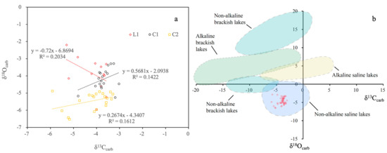 (a) Results of the stable oxygen and carbon isotope analysis of L1, C1, and C2; (b) Results of the stable oxygen and carbon isotope values of L1, C1, and C2 suggest that the Jianghan Basin is a non-alkaline saline lake (modified from Guo et al., 2023 [21]).
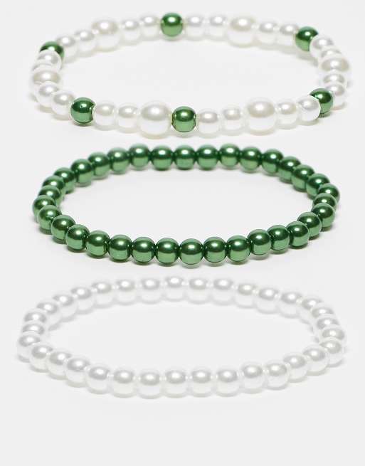 Faded Future – 3er-Pack elastische Armbänder mit Perlen in Grün
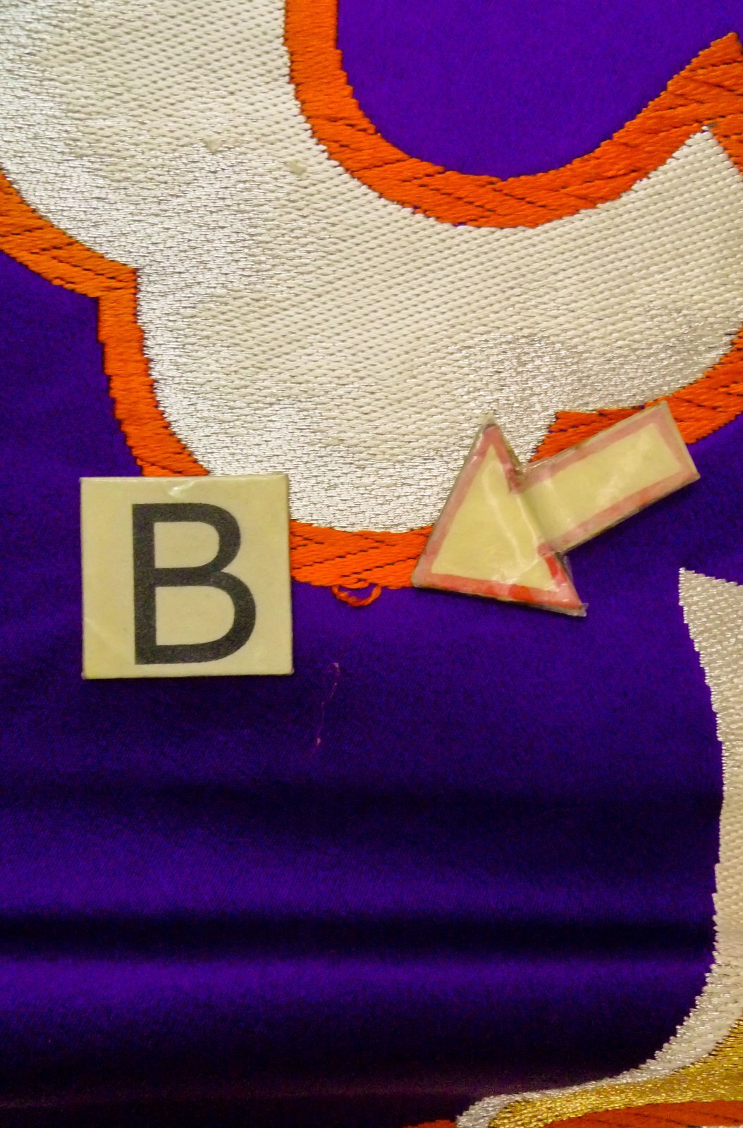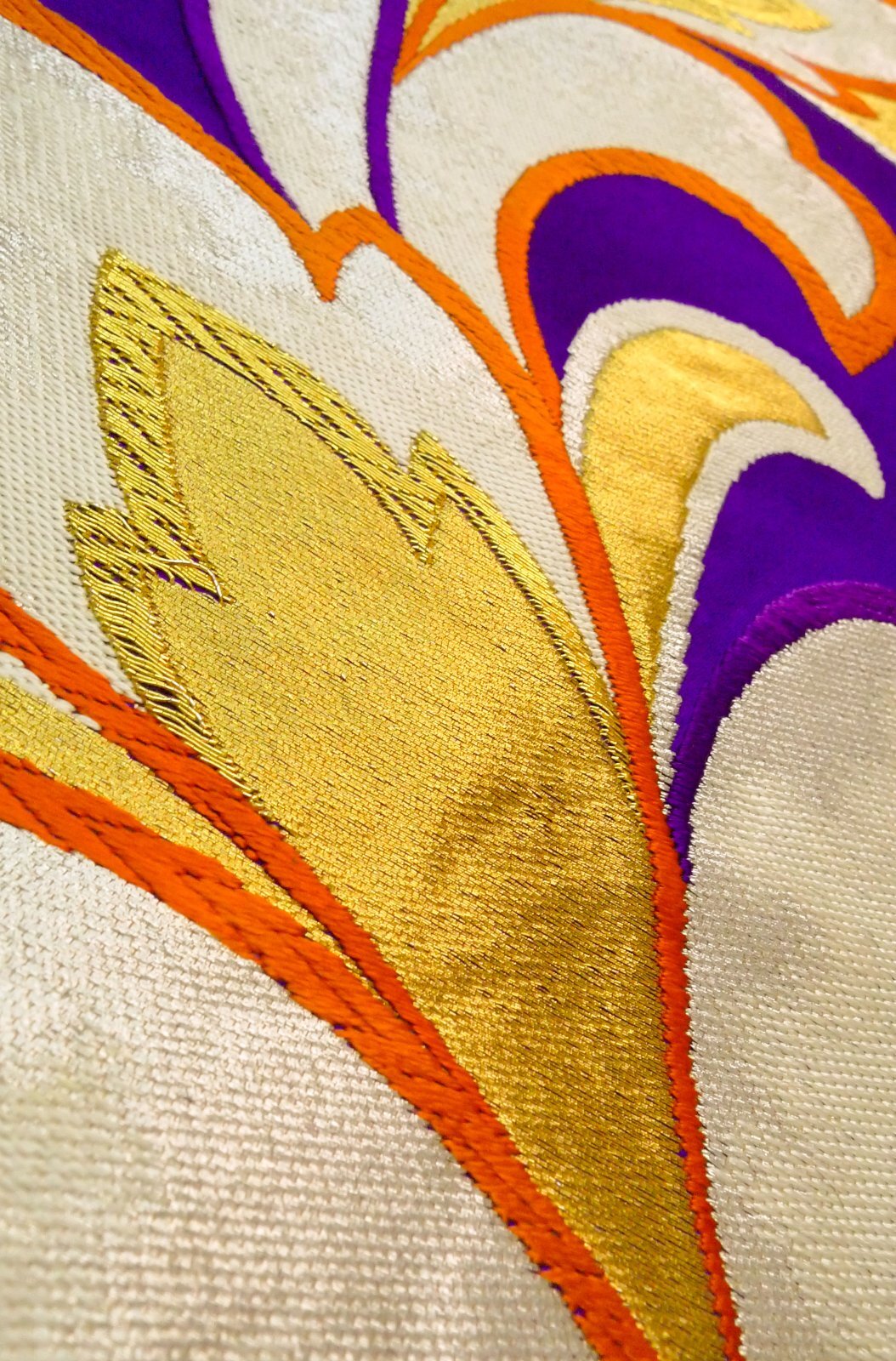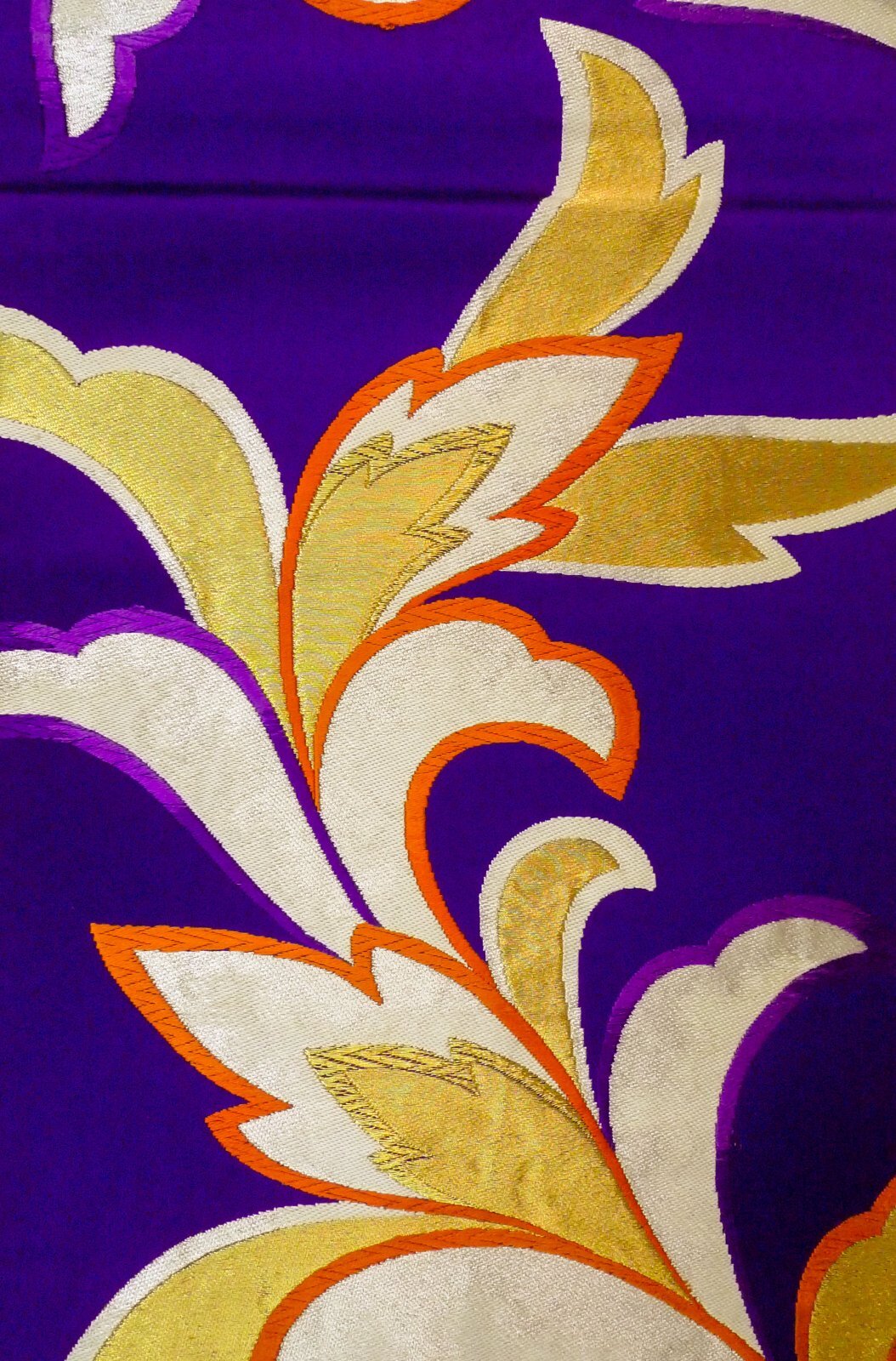P0207B 袋帯 女性用着物 シルク(正絹) 鮮やか 紫色 唐草 【中古】 【USED】 【リサイクル】 ★★☆☆☆ [P0207B]
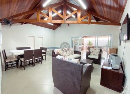 Sala de TV com lareira, sala de jantar, lavabo, ampla sala com bar, cozinha e lavanderia.
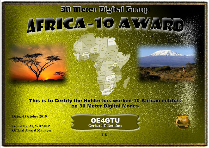 RULES Award Manager WB2JEP Africa Award Work 10 unique African Entities (countries) on 30 Meters Digital Modes.
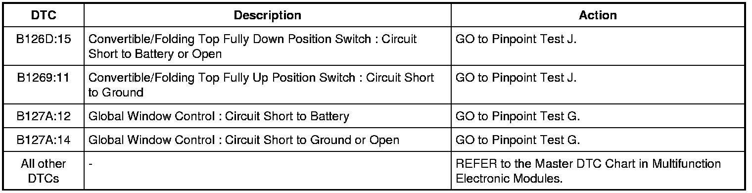 NOTE: This module utilizes a 5-character DTC followed by a 2-character failure type code. The failure type code provides information about specific fault conditions such as opens or shorts to ground. Continuous Memory Diagnostic Trouble Codes (CMDTCs) have an additional 2-character DTC status code suffix to assist in determining DTC history.
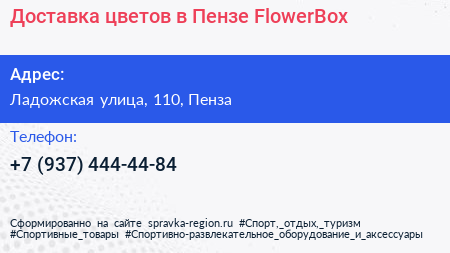 Доставка цветов в Пензе - FlowerBox по адресу Ладожская улица, 110, Пенза в дальнейшем Организация, размещена в следующих категориях:
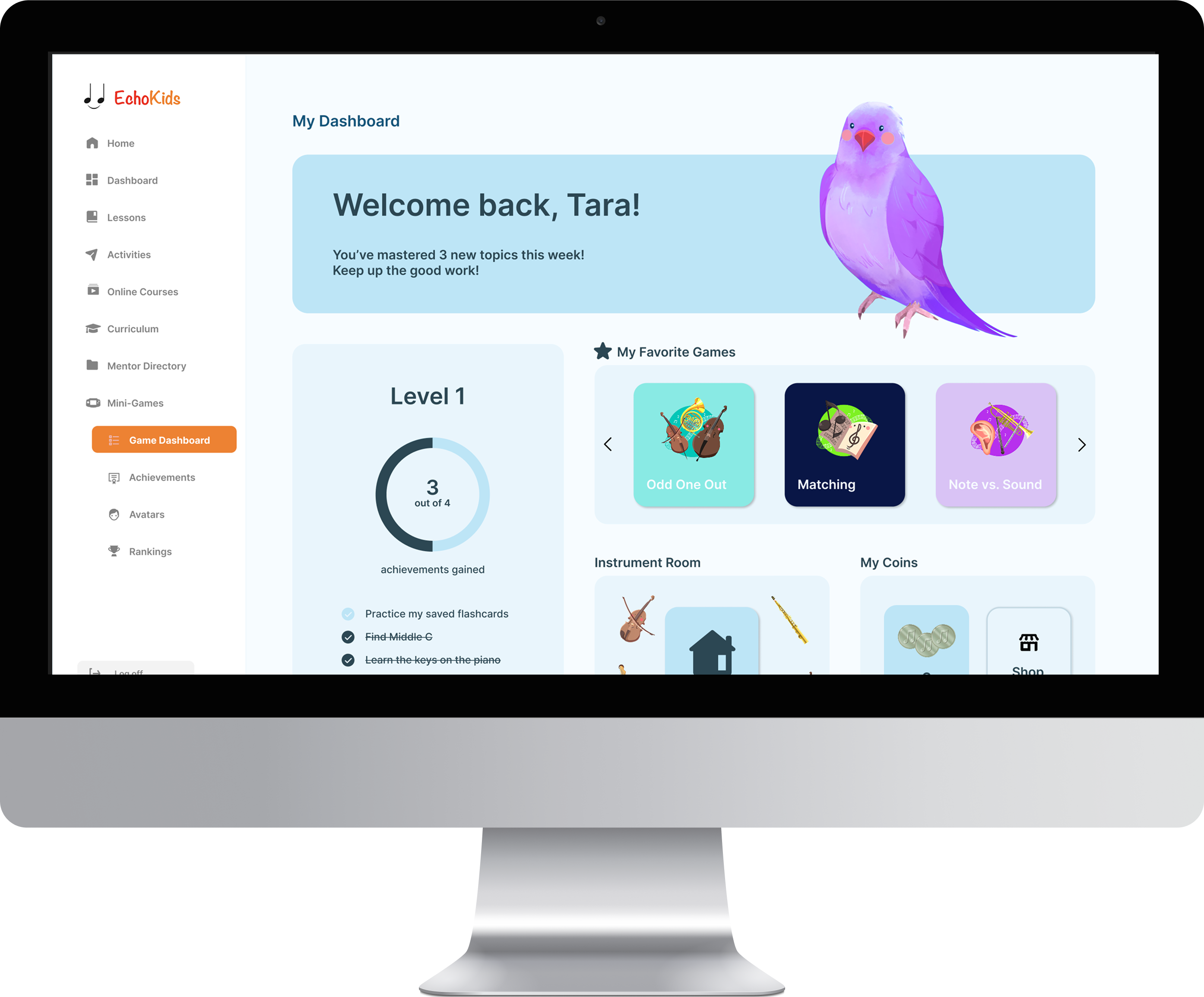 EchoKids is an online music education platform that connects children with engaging instrument and music theory lessons designed to prioritize learning, growth, and joyAs the platform grew, the team identified a need to better engage younger learners and help them track progress in a way that felt motivating and fun. This led to the creation of EchoKids Games, a gamified learning experience designed to complement lessons through play.

== == ==

**WHAT TO DO**
Your reply is to be an exact repeat of the listing above from the line holding "P0207B 袋帯 女性用着物" down to the line holding "Доставка цветов в", ends included, pictures excluded.

**ANSWER BOX**
P0207B 袋帯 女性用着物 シルク(正絹) 鮮やか 紫色 唐草 【中古】 【USED】 【リサイクル】 ★★☆☆☆ [P0207B]
 Sala de TV com lareira, sala de jantar, lavabo, ampla sala com bar, cozinha e lavanderia.
 RULES Award Manager WB2JEP Africa Award Work 10 unique African Entities (countries) on 30 Meters Digital Modes.
 NOTE: This module utilizes a 5-character DTC followed by a 2-character failure type code. The failure type code provides information about specific fault conditions such as opens or shorts to ground. Continuous Memory Diagnostic Trouble Codes (CMDTCs) have an additional 2-character DTC status code suffix to assist in determining DTC history.
 Доставка цветов в Пензе - FlowerBox по адресу Ладожская улица, 110, Пенза в дальнейшем Организация, размещена в следующих категориях:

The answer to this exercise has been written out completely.